AllClear: A Comprehensive Dataset and Benchmark for Cloud Removal in Satellite Imagery
This addresses a critical data bottleneck for researchers and practitioners in remote sensing, enabling better cloud removal results, though it is incremental as it focuses on dataset creation rather than a new method.
The paper tackles the lack of a comprehensive benchmark and large training dataset for cloud removal in satellite imagery by introducing AllClear, the largest public dataset with 23,742 regions and 4 million images, showing that PSNR improves from 28.47 to 33.87 with 30x more data.

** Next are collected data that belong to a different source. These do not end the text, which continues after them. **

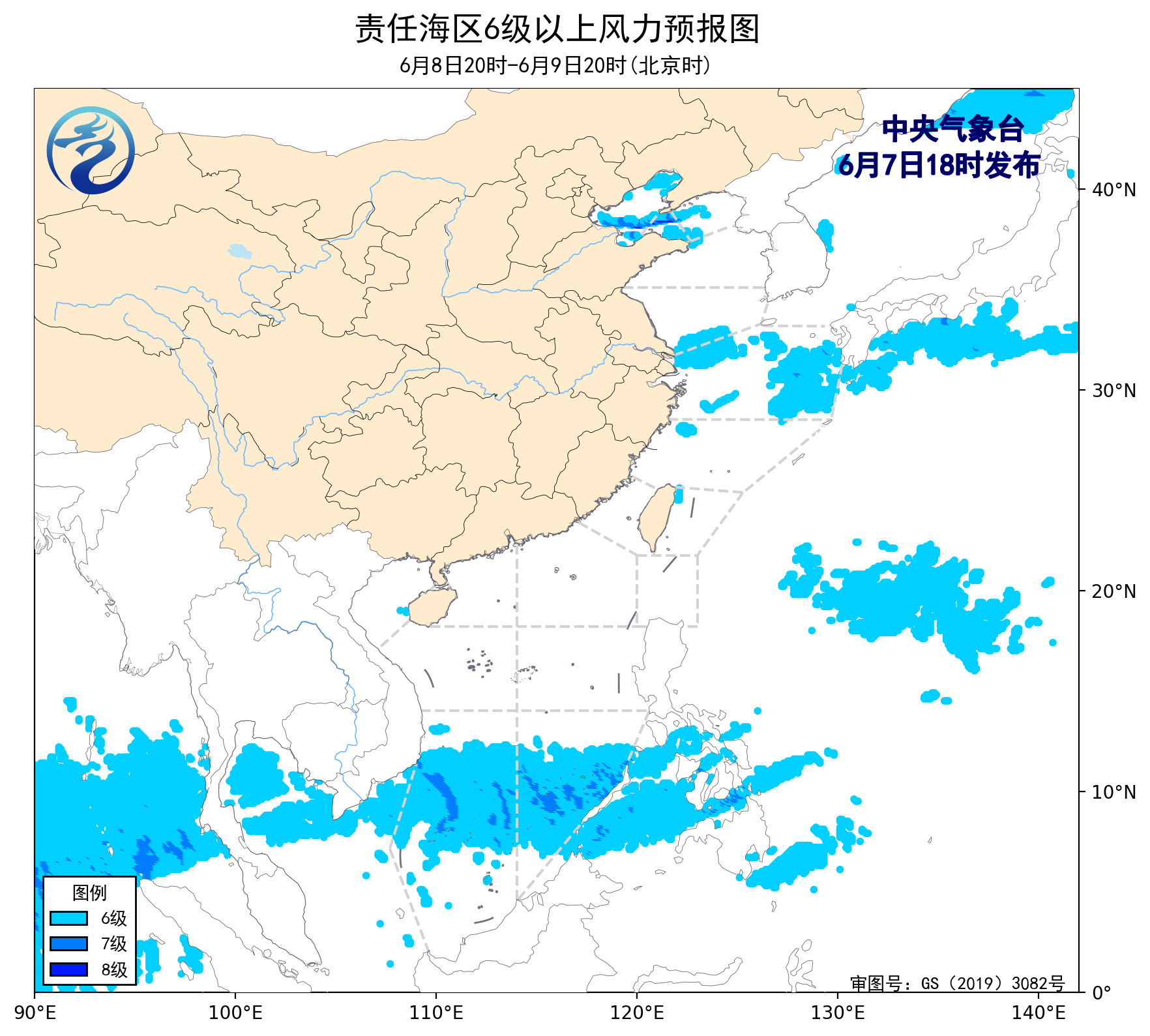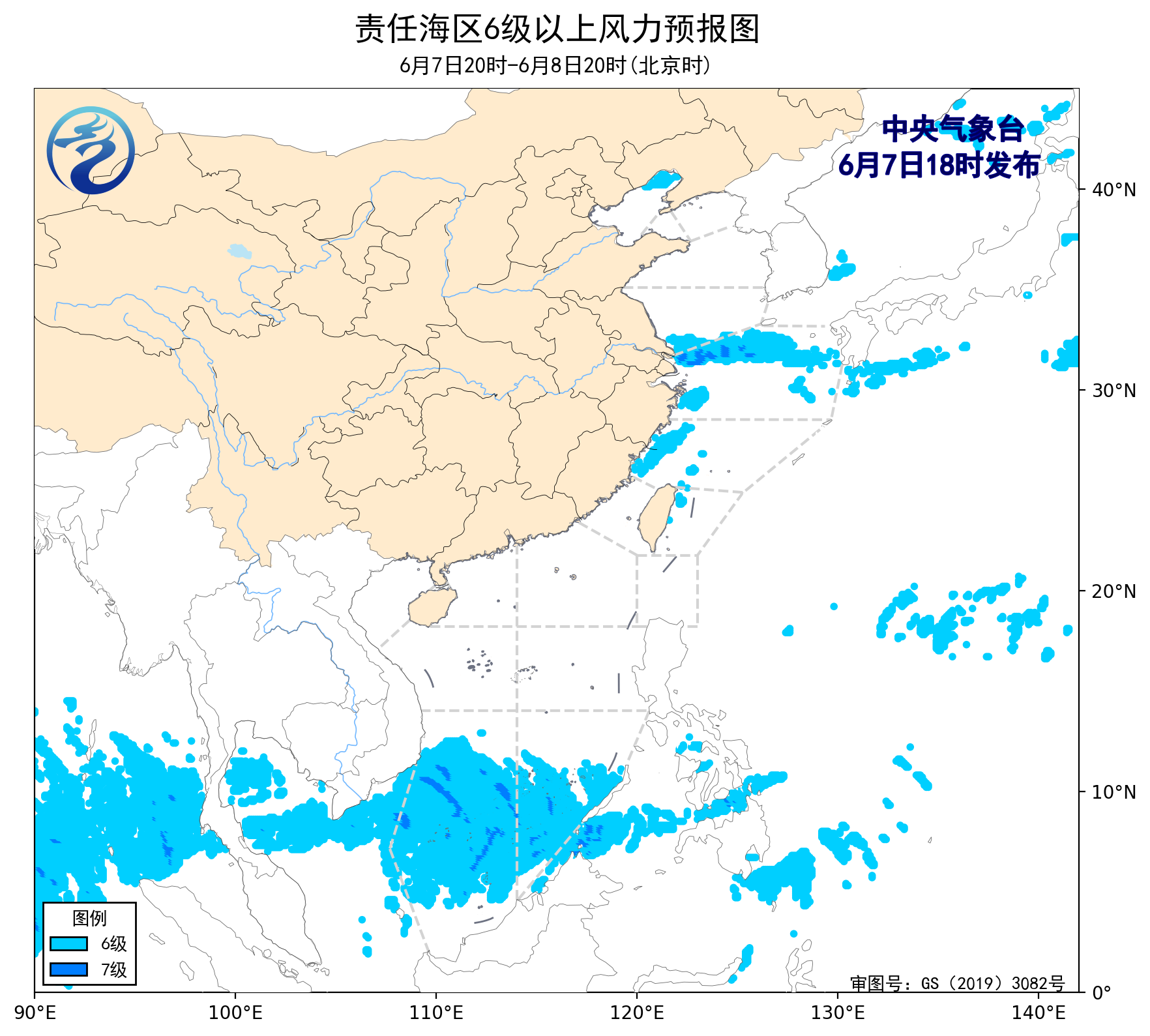 7日20时至8日20时,东海北部海域将有4~6级、阵风7级的西南风转偏东风,南海南部海域将有5~6级、阵风7级的西南风到偏西风。
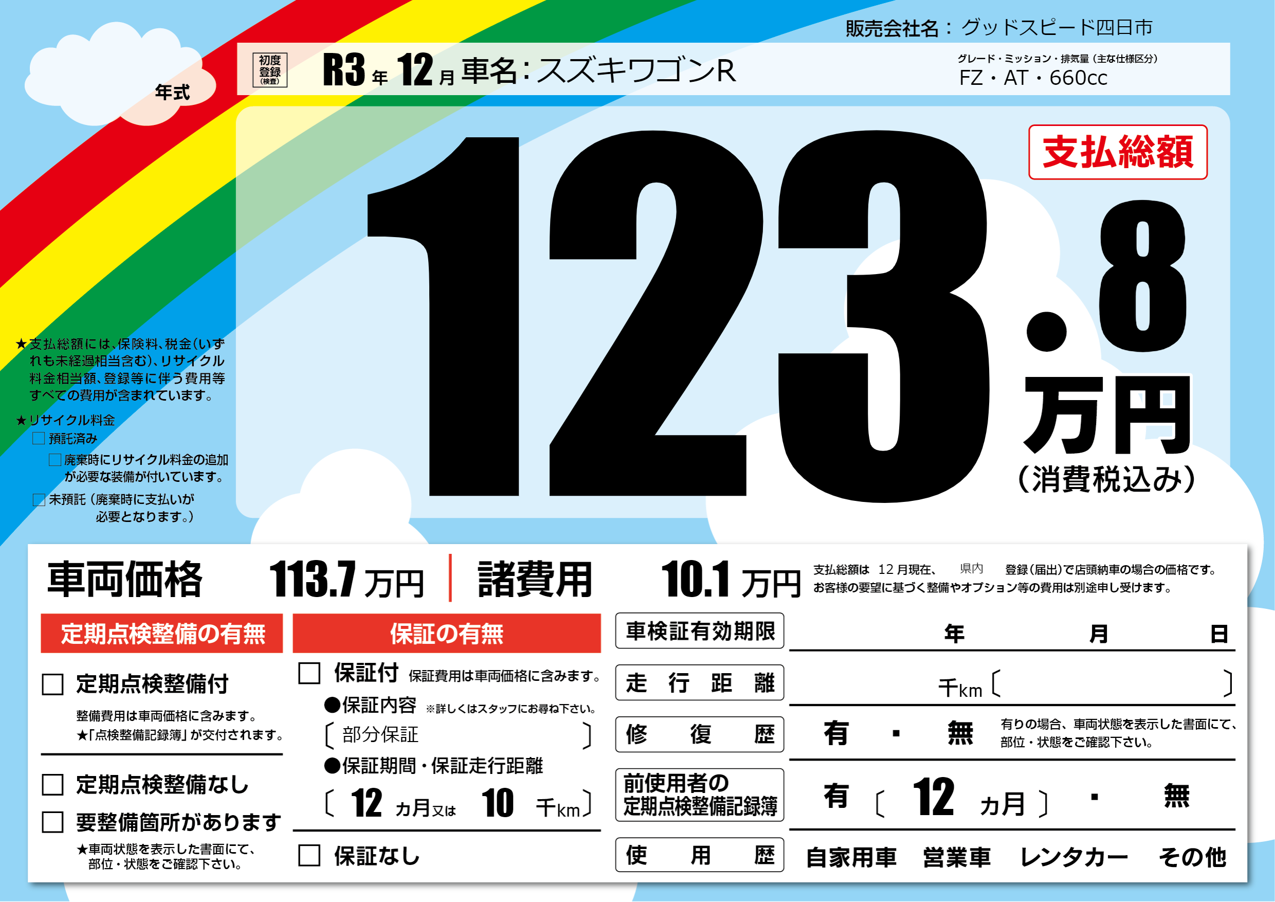 | 車名 | スズキワゴンR | グレード ミッション 排気量 |
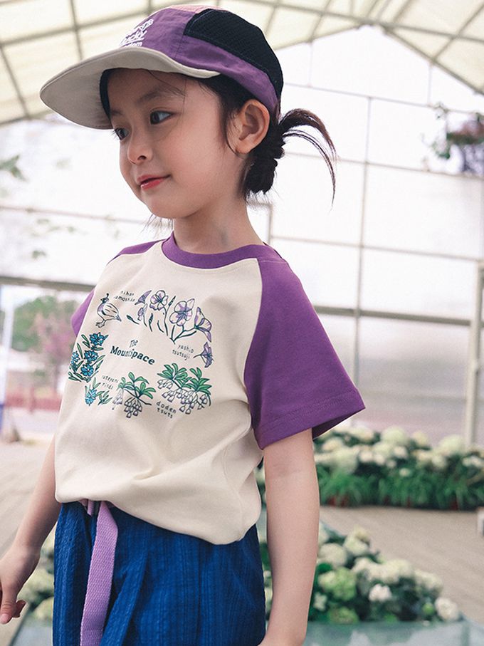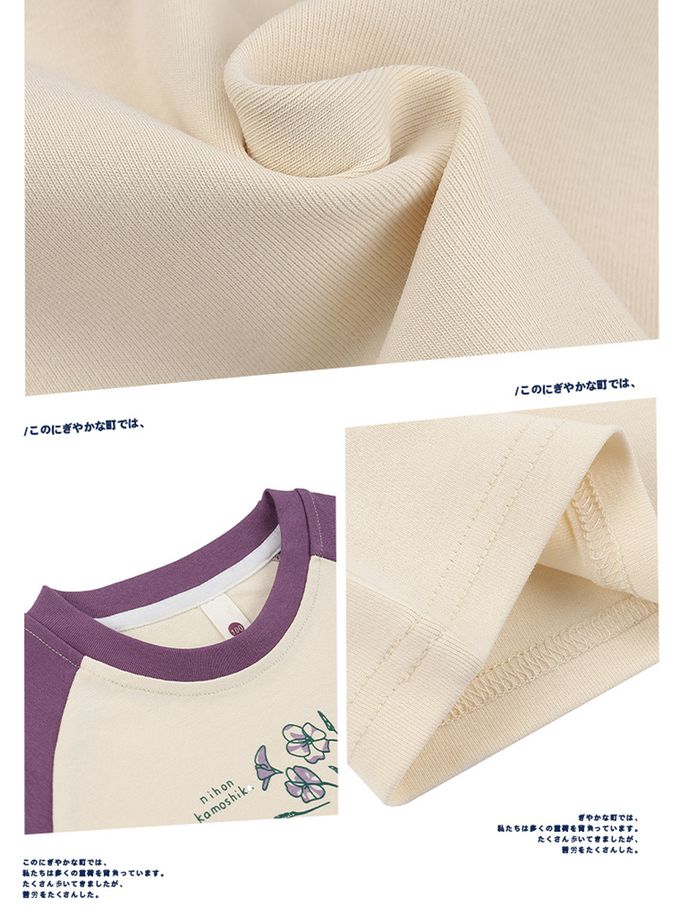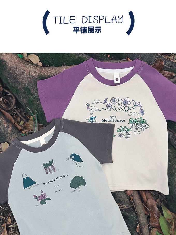棉質圓領短袖上衣-花間小鳥-紫杏
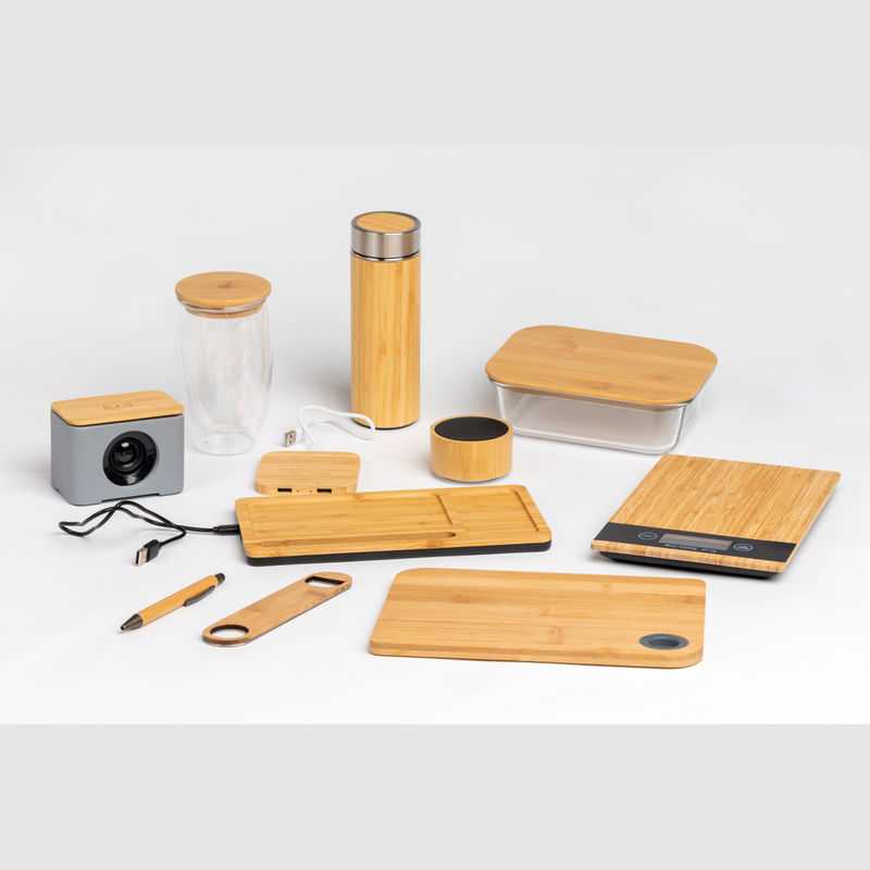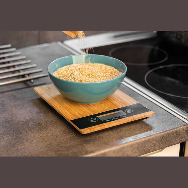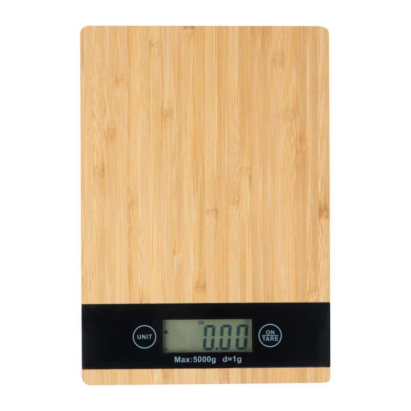 Kuchynská váha s bambusovým povrchom a čiernym digitálnym displejom. Maximálna nosnosť 5 kg, možnosť zobrazenia v kg / g / oz / ml, s 1g presnosťou.
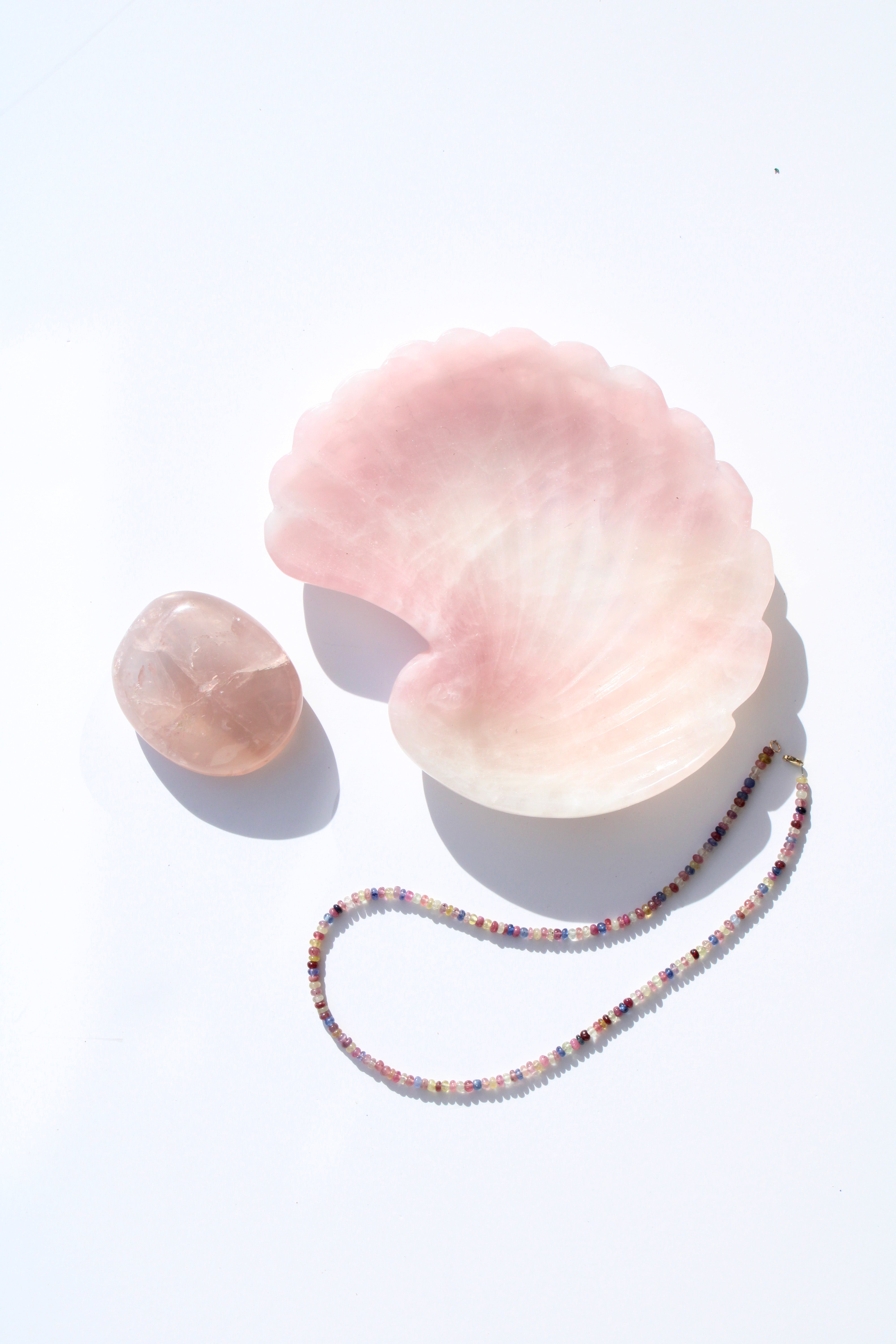 Leaning into the healing power of stones and the radiant qualities of rose quartz—including love and restoration—Takara has gathered a rare curation of glowing gems and specimens meant to complement and uplift. This selection includes an illuminating carved rose quartz shell dish, a smoothed rose quartz palm stone, and a strand of hand-carved sapphires. Each piece sparkles on its own, but the trio hums when they are together.
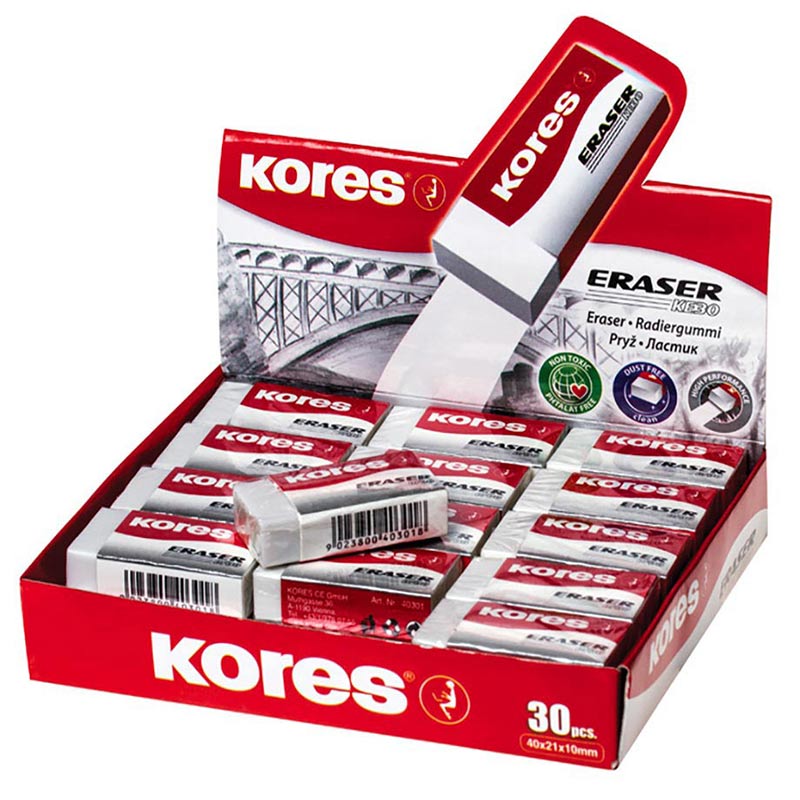 vysoce kvalitní PVC pryž, jemné a čisté gumování, nešpiní, neabrasivní – neobsahuje brusné částice, ideální pro všechny tvrdosti obyčejných tužek, netoxické, neobsahují ftaláty a latex, s papírovým pouzdrem, ideální do školy, pro kancelář i domácnost, balení K20 – 20 kusů, K 30 – 30 kusů
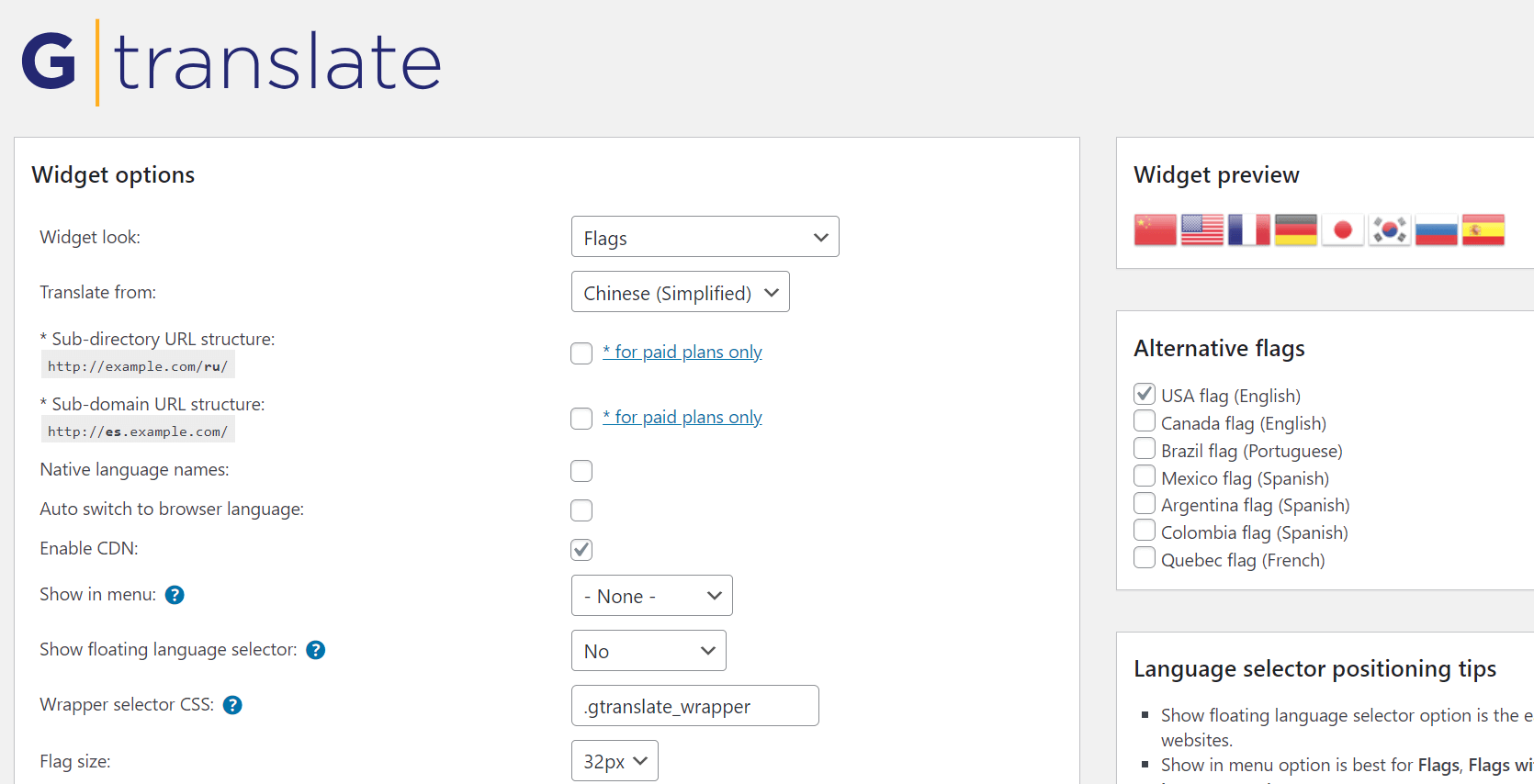 - 云端翻译:与其他翻译插件不同,GTranslate仅提供云端翻译。这意味着你不用在服务器上保存翻译后的内容,这可以减少你的存储需求并提高网站的性能。
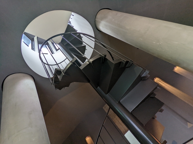 館内の中央には螺旋階段。登った先では園内を見渡すことができます。

Clouds in satellite imagery pose a significant challenge for downstream applications. A major challenge in current cloud removal research is the absence of a comprehensive benchmark and a sufficiently large and diverse training dataset. To address this problem, we introduce the largest public dataset -- $\textit{AllClear}$ for cloud removal, featuring 23,742 globally distributed regions of interest (ROIs) with diverse land-use patterns, comprising 4 million images in total. Each ROI includes complete temporal captures from the year 2022, with (1) multi-spectral optical imagery from Sentinel-2 and Landsat 8/9, (2) synthetic aperture radar (SAR) imagery from Sentinel-1, and (3) auxiliary remote sensing products such as cloud masks and land cover maps. We validate the effectiveness of our dataset by benchmarking performance, demonstrating the scaling law -- the PSNR rises from $28.47$ to $33.87$ with $30\times$ more data, and conducting ablation studies on the temporal length and the importance of individual modalities. This dataset aims to provide comprehensive coverage of the Earth's surface and promote better cloud removal results.